Leżę w łóżku, głowa boli, sił na nic nie mam, chce mi się spać, a zasnąć nie mogę... Ot, uroki niskiego ciśnienia w niepogodę. Wiecznie zimne ręce i stopy, senność, szybkie marznięcie, migreny, zawroty głowy... To chyba najczęstsze objawy niedociśnienia. Norma u mnie to nieco powyżej 90/60. Kiedy ciśnienie atmosferyczne spada, moje również. Dzisiaj mam 84/55. Jak Wy sobie radzicie z tą przypadłością?
Zimne dłonie jak i stopy to także pewna choroba, którą u mnie zdiagnozowano, ale kurczę, teraz mi nazwa wyleciała z głowy. Nie piję kawy w ogóle, więc jeżeli spadnie mi ciśnienie to jedna szklanka kawy rozpuszczalnej stawia mnie na nogi i ot, cały sposób. Na gorsze migreny, gdy wiem, że to nie kwestia jednej kawy, biorę tabletki rozpuszczalne we wodzie na ostre bóle głowy i po minucie jak ręką odjął.
U mnie norma, czyli jak czuje sie w miare dobrze to- 95/55. Wczoraj nie mogłam sie dobudzic, mama mierzy- 77/43... Pomaga mi tylko i wylacznie aktywnosc fizyczna lub mocna prawdziwa kawa.
Ostatnio w jakimś filmie o szpitalu usłyszałam: pielęgniarka do lekarza "ciśnienie 90/60 stan przed zapaścią". Moja reakcja 🤔 Ale ja mam takie po porannej kawie 👀
Mój rekord na kacu po imprezie to 74/42. Mroczki przed oczami i uczucie "odpływam".

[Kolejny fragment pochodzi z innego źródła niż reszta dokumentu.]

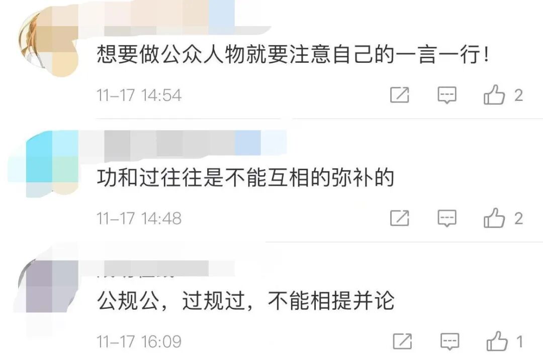 还有人觉得,做公众人物要注意自己的一言一行,公归公,过归过,不能相提并论。
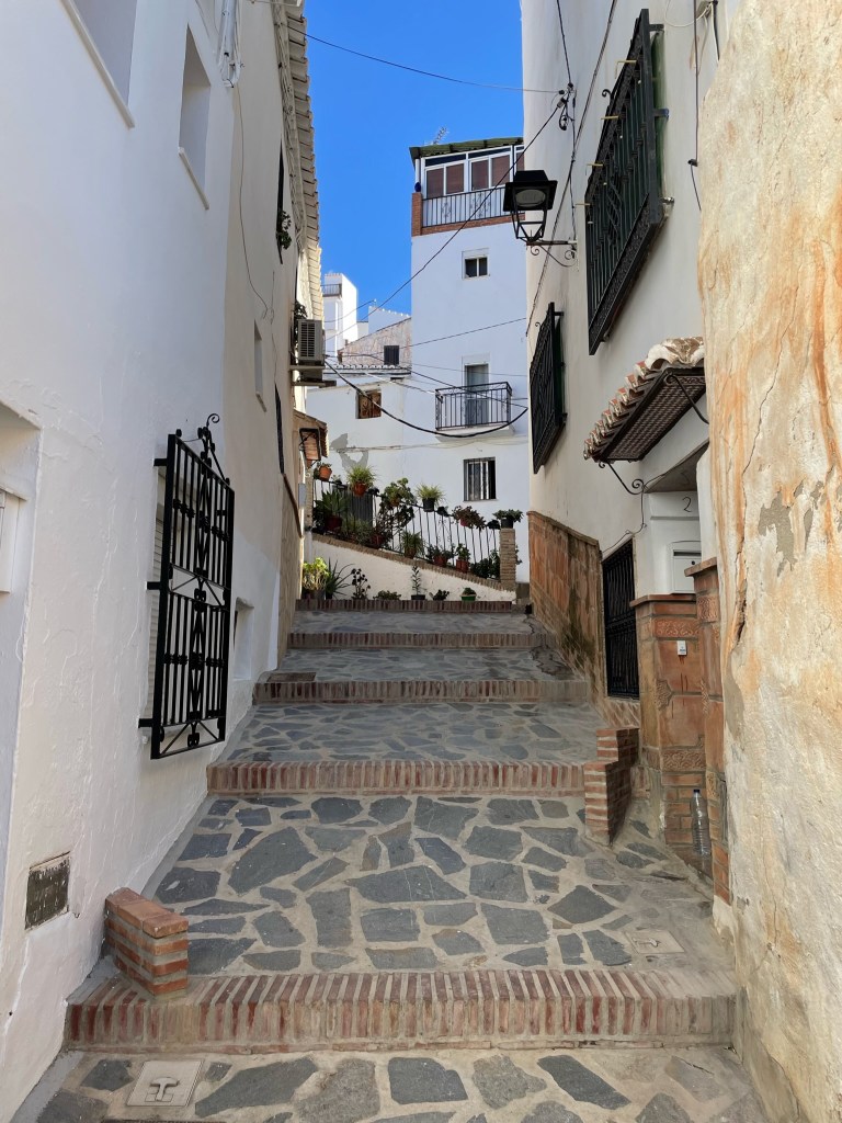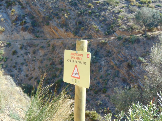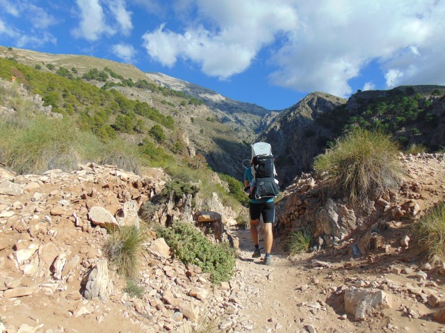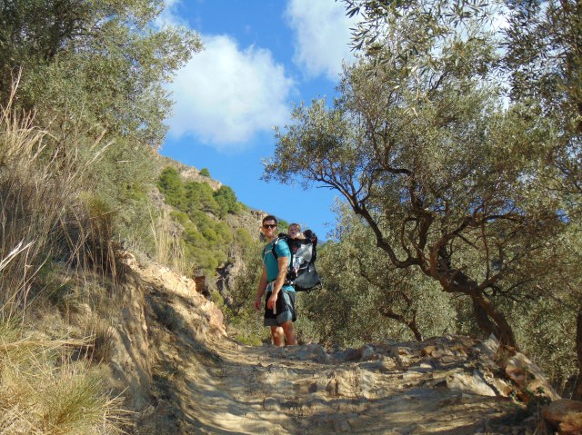 Vanaf de parkeergarage maakten we een korte klim door kleine, schattige straatjes naar het begin van de wandeling. Canillas de Aceituno is een van de ‘witte dorpjes’ die deze regio kenmerken. We navigeerden door de smalle straatjes met behulp van AllTrails omdat we geen bewegwijzering zagen om de route te vinden. Gelukkig stond er bij de start van de wandeling een duidelijke kaart met instructies. Hoewel er een waarschuwing was dat de route alleen geschikt was voor kinderen van 8 jaar en ouder, negeerden we dat, aangezien Lúa comfortabel in haar rugdrager zat. Pas later op de route begrepen we de reden achter deze regel: hoewel de route over het algemeen eenvoudig en vlak is, zijn er op sommige plekken behoorlijk diepe afgronden aan de zijkant!

Czym się ratuję: kawą - mocną, najlepiej podwójną z ekspresu, guaraną, żeńszeniem, koniak jest dobry, ale ja nie lubię, za to tequila i smakuje mi i służy, ale z wiadomych powodów to sposób nie na co dzień. adrenalina - jak mnie rano kto wk**wi na drodze, to potem w robocie mam taki power, że hej 🤣
JARA ale to nie jest choroba, są ludzie co tak mają. Ja byłam z tym u lekarza, to śmiejąc się powiedział, żebym kawę piła i na wódkę chodziła. O ❗
Poniżej 90/60 to stan wstrząsu 😎 Temat na patofizjologii przy krążeniu akurat o wstrząsie. Pani dr mówi, że wstrząs zaczyna się, gdy ciśnienie spada poniżej 90/60. A ja z koleżanką: Pani dr my mamy wstrząs całe życie, bo nasze ciśnienie nie przekracza 90/60. Oprócz odpowiedzi na kolokwiach. 😁
Niskociśnieniowcy, a badaliście sobie kiedyś tarczycę? Bo ja też zawsze myślałam, że "ot tak mam i już". A okazało się, że mam niedoczynność tarczycy i odkąd się leczę, nie muszę spać w lecie w skarpetkach, bo stopy już mi tak nie marzną. Nie jestem wiecznie śpiąca bez chęci do życia, bo ciśnienie mam nieco wyższe niż przed leczeniem. Kiedyś zanim dobrze wstałam z łóżka to już byłam śpiąca. Mój rekord 50/30 😂 Ale wtedy przy okazji trochę byłam odwodniona po zatruciu pokarmowym.
I moja niedoczynność przez pierwszą panią endokrynolog była leczona: kawą, mocną herbatą, duza dawką ruchu itp. Szybko ją zmieniłam...
Tarczyca niekoniecznie przebadana, ale krew pobierają mi, co pół roku i nic nie wskazuje, by coś się działo złego. Na tarczycę mam uważać, bo moja babcia od strony matki ma z nią problemy i teraz jej córka, czyli moja mama również.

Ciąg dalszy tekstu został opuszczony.